As far as I can recall, my intent is never to do that. I think is a bullshit passive aggressive response to mischaracterize what was intended as a sincere request for views other than mine. Asking questions from people situated differently from me is one of the best ways I know of to learn. However, asking for and receiving different views does not mean I am going to accept them at face value.

I grant that I should be more circumspect when persons offer insights and opinions I find problematic. I am not the most empathetic person. I have been making a much greater effort to simply stay out of threads such as your neurodiverse one, as I feel my participation will not do either of us much good. I was very hesitant to even enter this thread, but I was interested in what the thread initiator had to say.
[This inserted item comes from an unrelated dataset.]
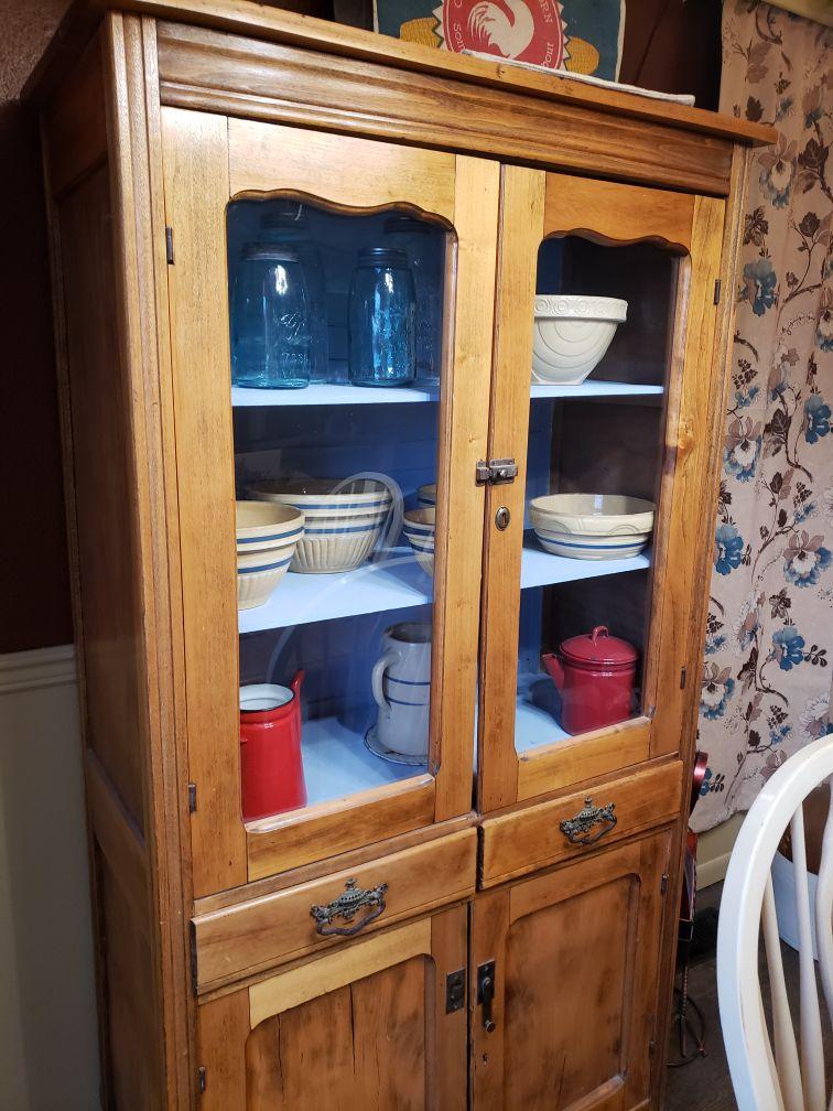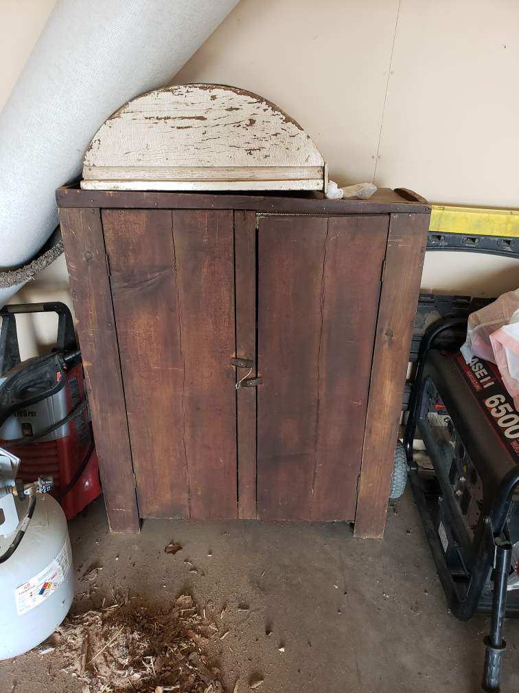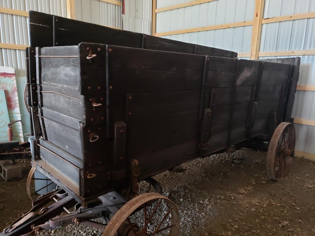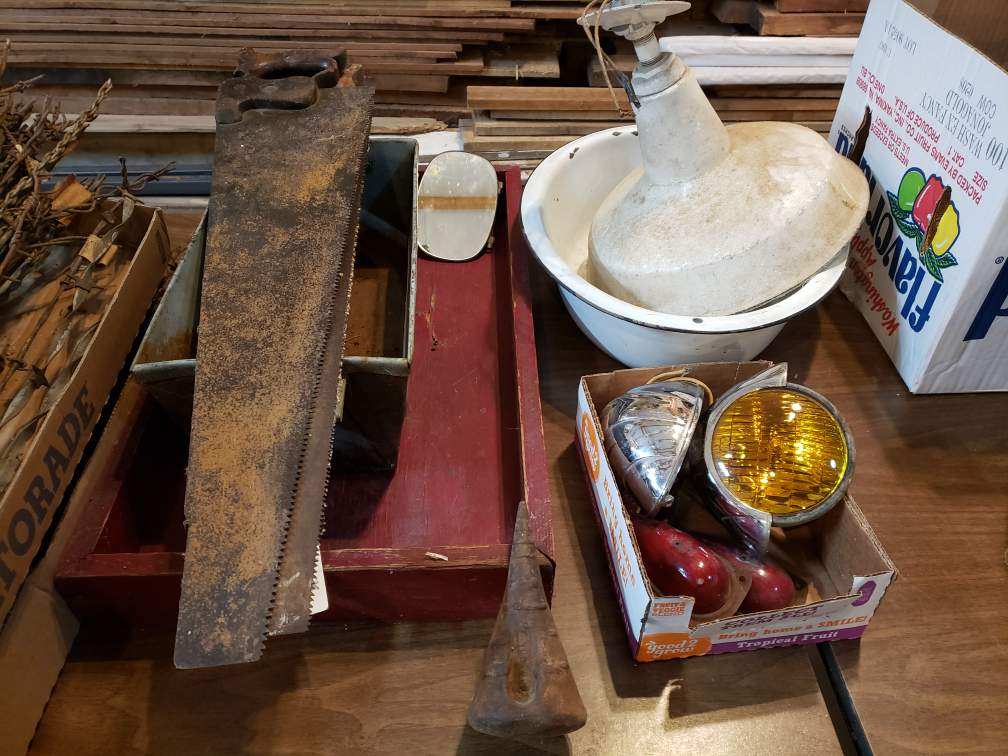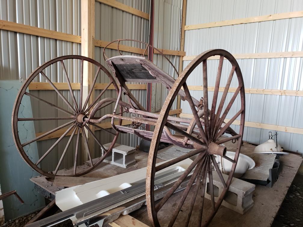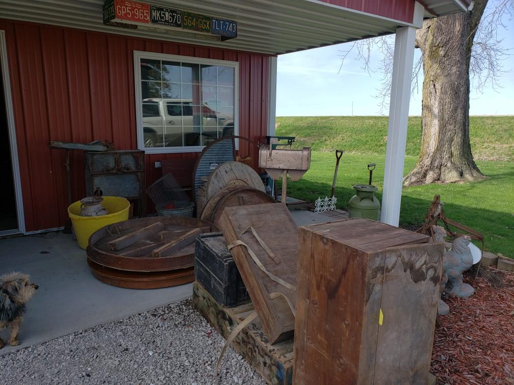 Wooden corn picking wagon; wooden sulky; steel wheels; oil lamps; horse-drawn/hand implements; farm tools; showcase cabinet with cast iron feet; beautiful pocket doors; stacks of various length barn board and other wood; (2) pie cabinets, one with tin door inserts; other cabinets; crocks; stoneware; corn shellers; chairs; wash tubs; scale; cream cans; very nice wooden ice refrigerator

I find those discussions frustrating as well, as it often seems like persons simply wish to affirm each other, based more on feelings and sympathy than much else. I am generally willing to hold my views up to criticism, and have regularly changed them. But someone simply claiming they feel differently and object to my questioning something is generally inadequate for me to change my opinion.

Apologies to Dseid for pushing this into hijack territory. I’ll think I’ve said as much as I have to contribute to this thread.